In an interview in Rolling Stone published last week, Church blamed the NRA and gun lobbyists for being a “roadblock” to gun safety.
“There are some things we can’t stop,” Church told Rolling Stone, “like the disgruntled kid who takes his dad’s shotgun and walks into a high school. But we could have stopped the guy in Vegas.”
Church is known for being his own man and making bold statements in songs. But busting the NRA is a radical move for any country music artist. There are some lines you just don’t cross without risking your career. Church told Rolling Stone he doesn’t care.
Church called himself a Second Amendment guy but said the gun-show [loophole] would not exist if it weren’t for the NRA, which he called “more of a problem than a solution.”

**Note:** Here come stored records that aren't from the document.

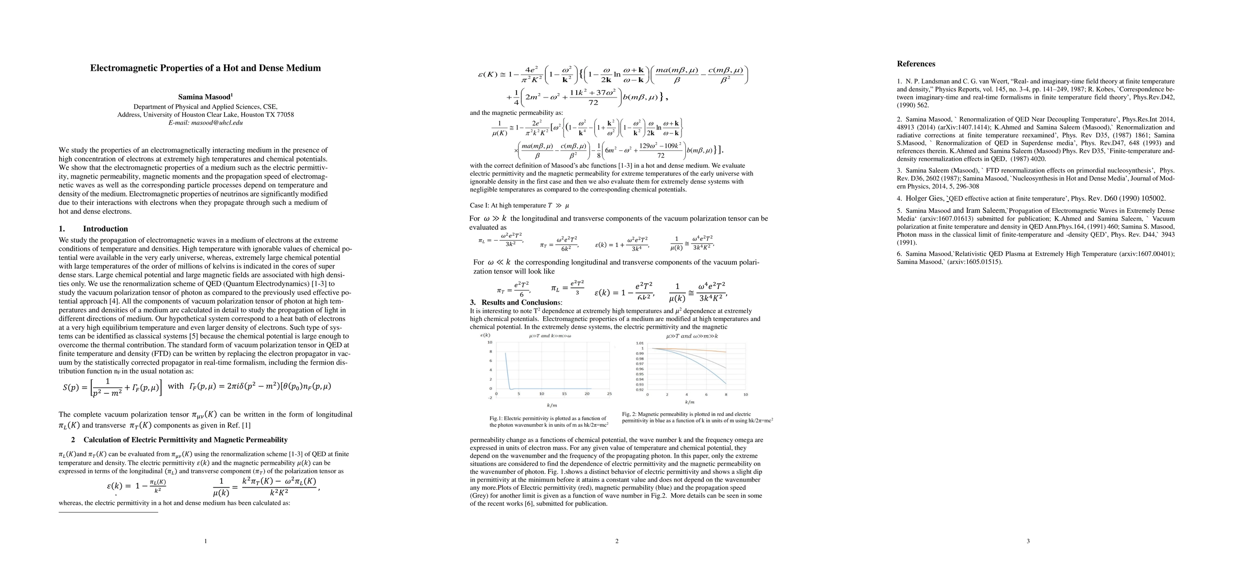 This research investigates how electromagnetic properties, including permittivity and permeability, change in a hot and dense medium with high electron concentration. It finds that these properties, along with wave propagation speeds and particle interactions, are significantly influenced by the medium's temperature and density, particularly affecting neutrinos' electromagnetic characteristics.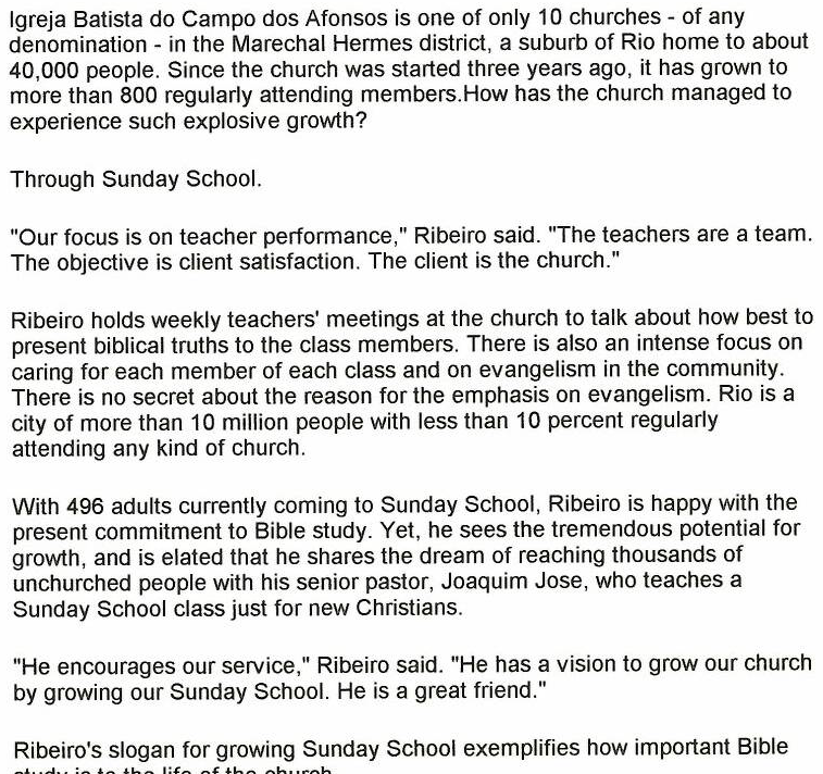 Em Maio de 2000, a LifeWay publicou a história de desenvolvimento da Escola Bíblica de nossa igreja batista do Campo dos Afonsos. Convém acrescentar que a IBCA cresceu, no período de 1997 a 2000, de 860 a 1140 membros. No mesmo período, a Escola Bíblica passou de 336 a 515 alunos matriculados com frequência média de 65%.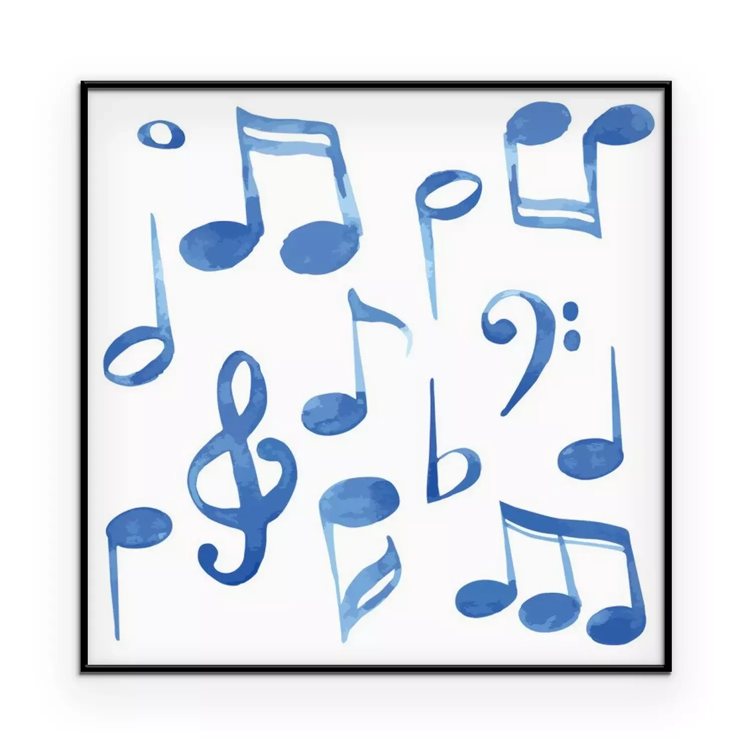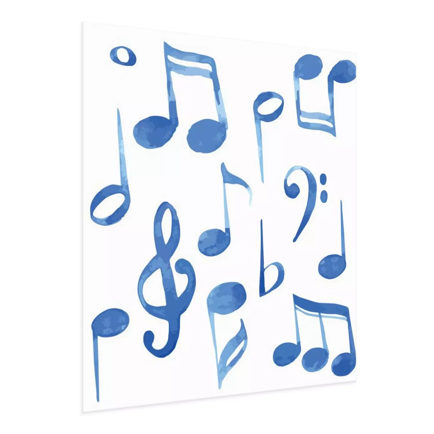 Poster : Watercolor vector illustration blue music notes and keys pattern set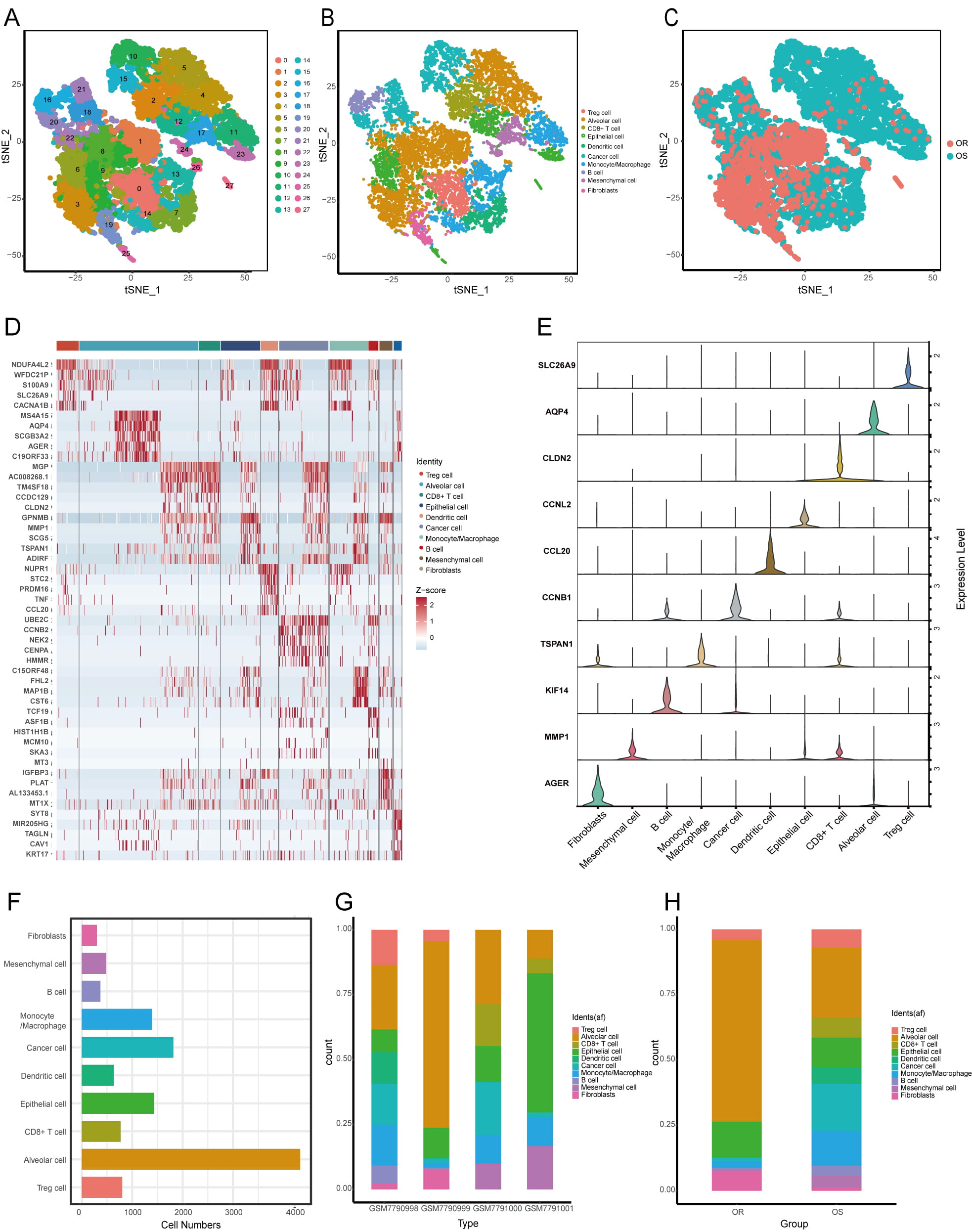 Fig. 2. Cell Populations in OS- and OR-LUAD tumor microenvironment (TME). (A) t-SNE projection of 27 distinct cell clusters. (B) t-SNE visualization color-coded by cell type. (C) t-SNE visualization color-coded by sample origin. (D) Heatmap illustrating differentially expressed marker genes (rows) across 10 distinct cell clusters. (E) Violin plots showing expression distribution of diagnostic marker genes per cell cluster. (F) The overall quantity of each cell type. (G) Cellular cluster distribution across four PDX samples. (H) Proportion of cell populations in the OS and OR sample groups. t-SNE, t-distributed stochastic neighbor embedding.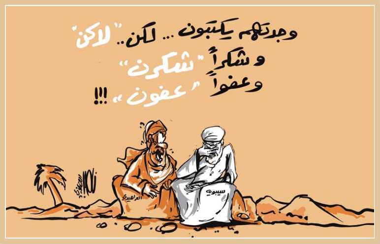 في اعتقادي الشخصي لم يخطئ الصفدي وهو يستشهد بالآية القرآنية، كما أن عبد الله الشيخ لم يخطئ في البيان، لكن كما هو في الكاريكاتير الذي يبدو فيه أن سيبويه على حق، وهو يرى ما يرى من تبديل التنوين نوناً. لكن، ليس هذا هو وقت التصحيح والتبيين على الملأ، على الرغم من أن الصفدي كان يستشهد، وجاء بالآية مثلاً، ولا يشترط في المثل إلا مطابقة الحالة العامة، لا التفاصيل الصغيرة. ثمة ما هو أهم من هذا التصحيح غير الضروري فيما ظنه “الشيخ” انحرافا تأويليا لآيات الله، ونحمد الله أنه لم يكفّره على “سوء التحريف”، فقد كفر بعضهم آخرين على أقل من هذا.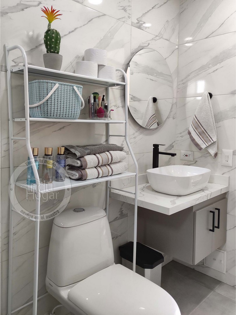 Nuestro producto te permite ahorrar espacio en tu baño manteniéndolo ordenado, a la vez le da un toque estético, minimalista y elegante. Su estructura es totalmente metálica con pintura electroestática, lo que lo hace resistente a la humedad. Cuenta con 3 niveles, accesorios para el papel higiénico y ganchos adicionales como se muestra en las fotografías (fotos reales del producto).
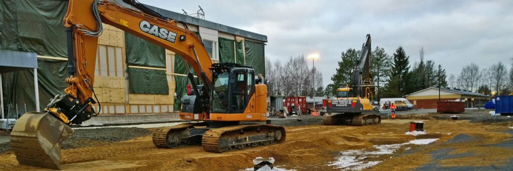 Teemme rakennuspohja-, vesijohto- ja viemäri- sekä kaukolämpötöitä. Lisäksi palveluihimme kuuluu avo- ja salaojitukset, maansiirrot sekä erilaiset purkutyöt.
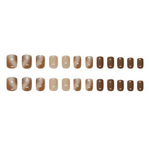 N-119 - Silver Sparkle & Chocolate Color - Press On Nail Set Of 24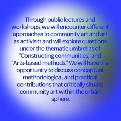 Through public lectures and workshops, we will encounter different approaches to community art and art as activism and will explore questions under the thematic umbrellas of “Constructing communities,” and “Arts-based methods.”
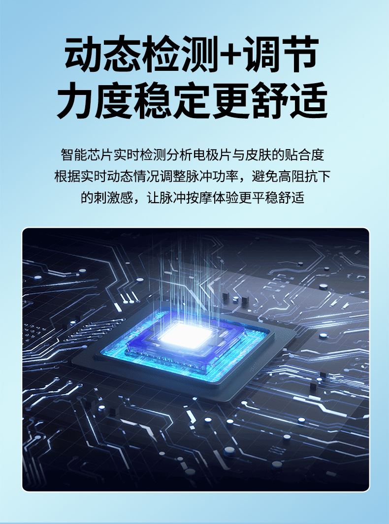智能芯片动态调节技术:内置高灵敏智能芯片,实时检测电极片与皮肤的贴合度,根据皮肤接触状态动态调整脉冲功率,避免高阻抗下的刺痛感,让脉冲按摩全程平稳舒适,新手也能轻松驾驭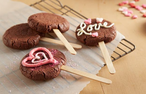 3. Roll 1/4 cup dough into ball; place on ungreased cookie sheet, 3 cookies per sheet. (Cookies spread while baking.) Insert wooden stick about three quarters of the way into side of each ball. Flatten slightly.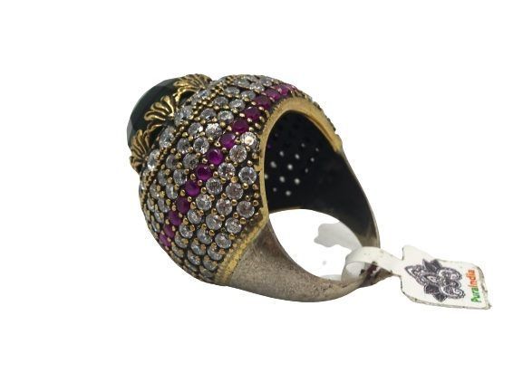 Anillo de plata bañada de la India con cristal color esmeralda importado de la india mediante comercio ético.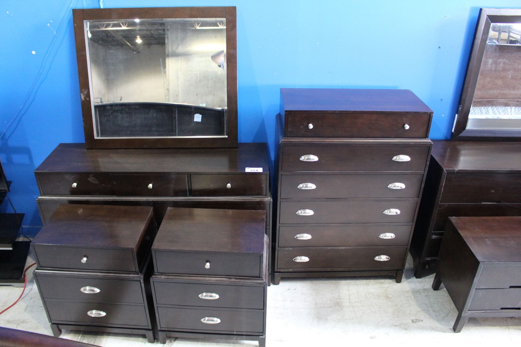 5 PIECE BEDROOM SUITE INCLUDING DRESSER WITH MIRROR, HIGHBOY, AND 2 NIGHTSTANDS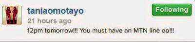 However, the question is, Why MTN line? Is Tania an MTN ambassador? (if she is, we need to question MTN on the criterias of signing people as ambassadors) or her new boyfriend works with MTN or she’s trying to attract MTN (probably for a future deals)?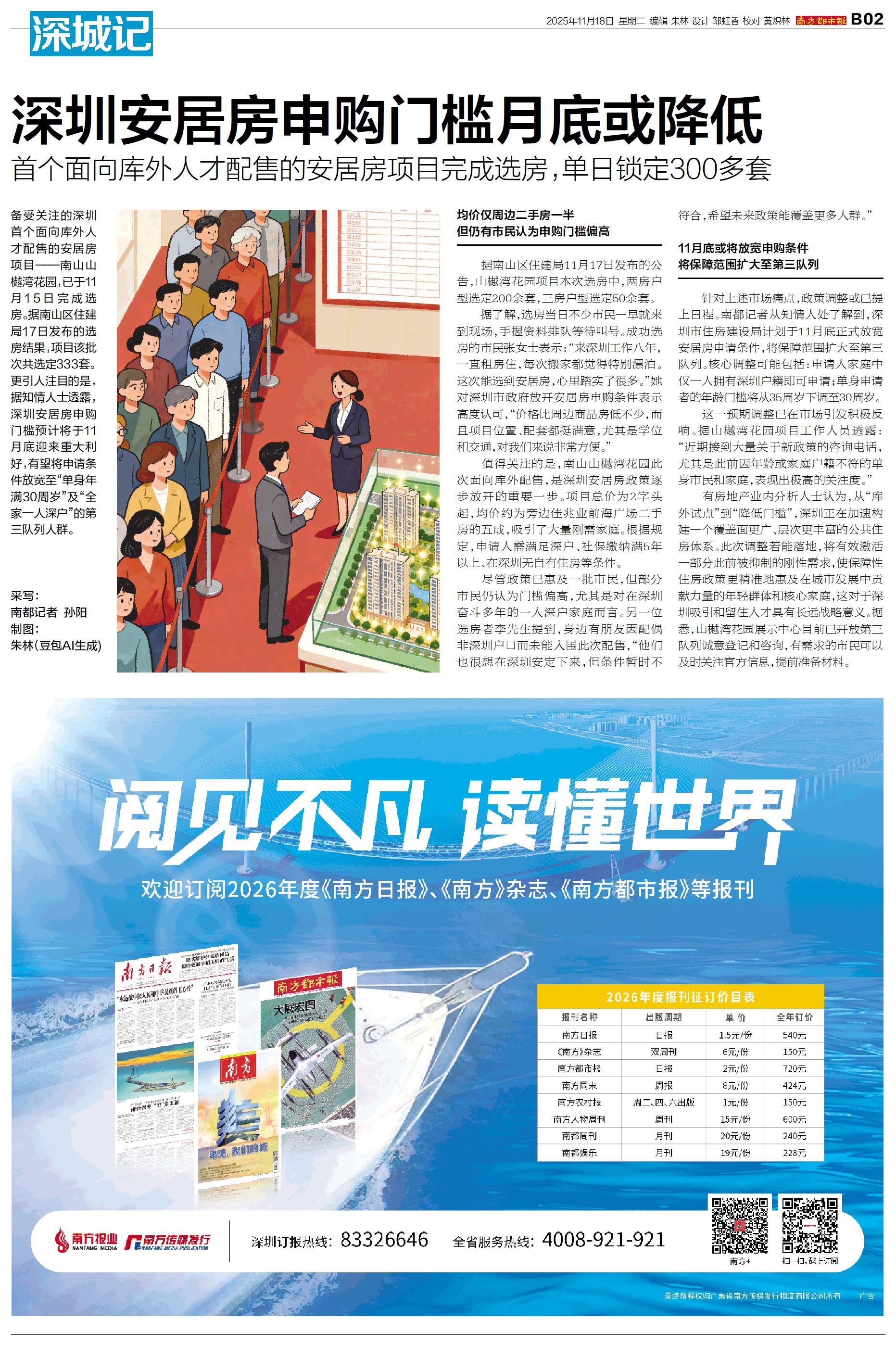 备受关注的深圳首个面向库外人才配售的安居房项目——南山山樾湾花园,已于11月15日完成选房。据南山区住建局17日发布的选房结果,项目该批次共选定333套。 更引人注目的是,据知情人士透露,深圳安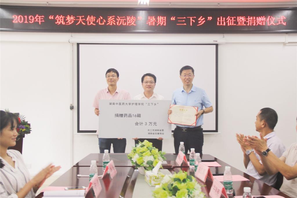 2019年7月3日下午3点,护理学院2019年暑期“三下乡”社会实践活动启动暨捐赠仪式于院办会议室顺利举行。出席此次活动的领导及嘉宾有:护理学院党委书记、院长罗尧岳教授,农工党湖南省委社会服务处罗创副处长,湖南安徽商会牛凤辉常务副会长等五位商会领导,我院科教科副科长陈红涛老师,学生科副科长黎亚老师。部分志愿者代表参与此次仪式,仪式由我院团委书记李程老师主持。

“Right’s right and wrong’s wrong. I don’t understand why we have to fear a group [like the NRA]. It’s asinine,” Church said. “Why can’t we come together and solve one part of this? Start with the bump stocks and the guns shows. Shut a couple of these down. I don’t think it will matter a little bit. I think it will save lives.”
It took guts for Church to speak out against the NRA. The organization likely enjoys strong support among his fans. Critics called it career suicide.
Then again, it’s personal for the country music star. Church performed at the Harvest Festival in Las Vegas two nights before a gunman killed 58 people and wounded hundreds of others in the worst mass shooting in modern history.
Plus, Church isn’t wrong when he suggests the NRA could do more to prevent mass shootings. Banning bump stocks and closing loopholes in the gun purchase process are commonsense measures that could prevent tragedies. As gun owners and Second Amendment enthusiasts, we don’t have a problem with these solutions. Neither do most Americans.
We’ve never understood why the NRA doesn’t advocate for these types of reforms, especially given the fact that the majority of the public supports these measures. Obviously it wants to avoid a “slippery slope” scenario that could lead to more gun control regulations.
Still, why the NRA doesn’t try to be a reasonable voice in this debate – which would ultimately strengthen its position politically — is beyond us. It could be part of a solution. We think it’s a tactical error for the organization not to take a leadership role on issues like banning bump stocks.
Regardless, the NRA should take pause of Church’s commentary, which we readily acknowledge is not widespread in the country music community and probably never will be.
When a country music star of Church’s stature is willing to speak up, maybe it’s time the NRA listened and reconsidered some of its positions.